Gerbang batu retak pelan. Mata naga itu terbuka… dan tertawa.
Di markas rahasia Tujuh Jubah Hitam
Para pemimpin kegelapan kini memantau denyut dunia.
“Kristal darah mulai bereaksi,” ucap salah satu dari mereka.
“Valcirion mulai menyatu dengan dirinya sendiri.”

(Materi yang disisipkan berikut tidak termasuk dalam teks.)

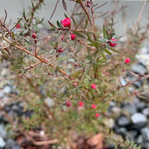 ギョリュウバイ(レプトスペルマム)🌸 いつもご近所さんのお宅に大きいのが植っていて気になっていた子が、Green Farmさんにお手頃サイズで並んでいたのでお持ち帰りしてきました😆 ギョリュウバイ(魚竜梅)と書いてあったので日本のお花かと思っていましたが、ニュージーランドやオーストラリアが原産だそう🙄 和名で梅と名付けられたのは、お花が梅の花に似ているからとのことでした😄 お花は小さくて可愛いのに、このくっきりとした深い赤色がとてもかっこよくキレイでついつい見入ってしまいます😍 色違いでピンクもありましたが、赤好きとしてはこっちでしょ!と独り言をぶつぶつ言いながら選びました🤣 まだまだ蕾もたくさんあるのでたっぷり楽しみます🌸✨✨

Yang tertua di antara mereka berujar pelan, “Jika dia bangkit sepenuhnya, tak ada klan, tak ada dewa, tak ada dimensi yang bisa menahannya.”
Mereka semua diam.
Lalu satu kalimat menyatukan niat:
> “Panggil para Penyihir Gelombang Ketiga. Kita tidak akan menunggu ramalan. Kita akan membunuhnya sebelum ia menjadi Dewa.”
Di tempat lain, di luar akademi
Seorang gadis bermata perak sedang berdiri di atas menara tua, rambutnya berkibar melawan badai.
Namanya Yvana, satu-satunya pewaris klan Cahaya yang tersisa. Dan ia menyentuh jantungnya, tempat liontin langit bergetar.
> “Valcirion hidup kembali… dan dengan atau tanpa restu dunia, aku harus menemuinya.”
Kembali ke Rayzen
Gerbang batu terbuka perlahan.
Di dalamnya: ruang gelap tak berbentuk, seperti isi mimpi yang tak pernah selesai.
Rayzen melangkah masuk. Langkahnya menggema. Dinding-dinding hidup. Suara-suara mulai berbicara.
> “Kenapa kau kembali ke tempat ini?”
> “Apakah kau ingin menjadi dewa lagi, atau hanya bocah yang kehilangan arah?”
Rayzen berhenti di tengah ruang kosong.
“Karena aku ingin tahu…” gumamnya.
“…jika aku memang dilahirkan untuk menghancurkan… apa artinya menciptakan dunia yang baru?”
Dan dari kedalaman ruang itu, sebuah kursi besi muncul perlahan. Di atasnya, ada sebilah pedang hitam yang menyala ungu.
Tangannya bergerak sendiri. Menggenggam gagang pedang.
Dan saat ia menariknya…
Langit di atas Akademi pecah sedikit.